So what can you do to budget properly? Sussman and Alter propose a strategy which reminded participants of the frequency of an exceptional expenses. Specifically, they examined whether participants would spend less on birthday presents when reminded of how often this kind of purchase occurs (more frequently than not if you have a large (chosen) family or friend group). To test this, they assigned participants to one of three conditions: the present debiasing condition, the birthday control condition, or the spending control condition. In the present debiasing condition, participants were asked to list the times last year when they gave people presents. This prime was intended to subtly remind participants that any one birthday present is part of a larger class of goods (i.e., “presents”) and that they do make purchases from this larger category with some frequency. In the birthday control condition, participants were asked to think of which month most people they know had birthdays, and to list the names of the people you know who have birthdays in that month. This condition was intended to encourage participants to think about the same topic (i.e., birthdays) as in the experimental debiasing condition, but without considering spending on presents specifically. Finally, the spending control condition instructed participants to list the times last year when they bought tickets for travel. After responding to this listing task, participants were given a distraction task before moving to the decision about purchasing a watch for a friend’s birthday. They were asked to select a watch from six different sports watches, presented in a random order, varying in price from $15 to $75, and quality, as indicated by a short product description (fewer than 10 words). So what did they find? Well, you may have expected this, but there was no difference in willingness to spend across the two control conditions, but participants’ birthday present choice was significantly less expensive after the subtle reminder that the specific birthday present is part of a larger group of presents that they purchase with some frequency than in either of the control conditions.

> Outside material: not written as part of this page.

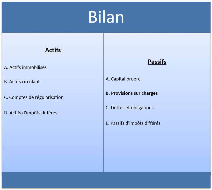 Dans la mesure où il s’agit de sommes qui devront être dépensées sans contrepartie pour l’entreprise, les provisions figurent dans la colonne des passifs.

Can you work with this yourself? Yes, you can! Work by Huebner, Fleisch and Ilic (2020) found that the inclusion of both ordinary and exceptional expenditures in a feedback report on credit card spending was the only means of intervention that actually reduced credit card spending. The intervention was run on an app as well, providing the consumer with an overview of their total expenses, total ordinary expenses, total exceptional expenses, and feedback on their expenses as compared to the goal the consumer set themselves (otherwise there very likely wouldn’t be any behavioural change), per week. What we see here is that people need a clear overview, feedback on their goal attainment and preferably, a rather short horizon (weekly rather than monthly), to be able to understand their own behaviour, and to adjust it in such a way that they can still meet their long(er)-term goals (e.g. monthly, annually). This finding that weekly updates and adjustments help people manage their budgets better has also been replicated by Pocheptsova Ghosh & Huang (2020). Out of six different interventions to make people stay in budget, the most effective ones were to take a shorter time horizon (weekly instead of monthly) and adjust the budget with the previous week in mind. It also helped if people gave themselves a bit of wiggle room (e.g. instead of saying “this week I’ll spend $200 and no more”, to be a bit more liberal and work with ranges: “this week I’ll spend between $180 - $220”. However, it has to be mentioned that if you’re on a super stringent budget, the latter method won’t work, because if $200 is all you have, it’s all you have.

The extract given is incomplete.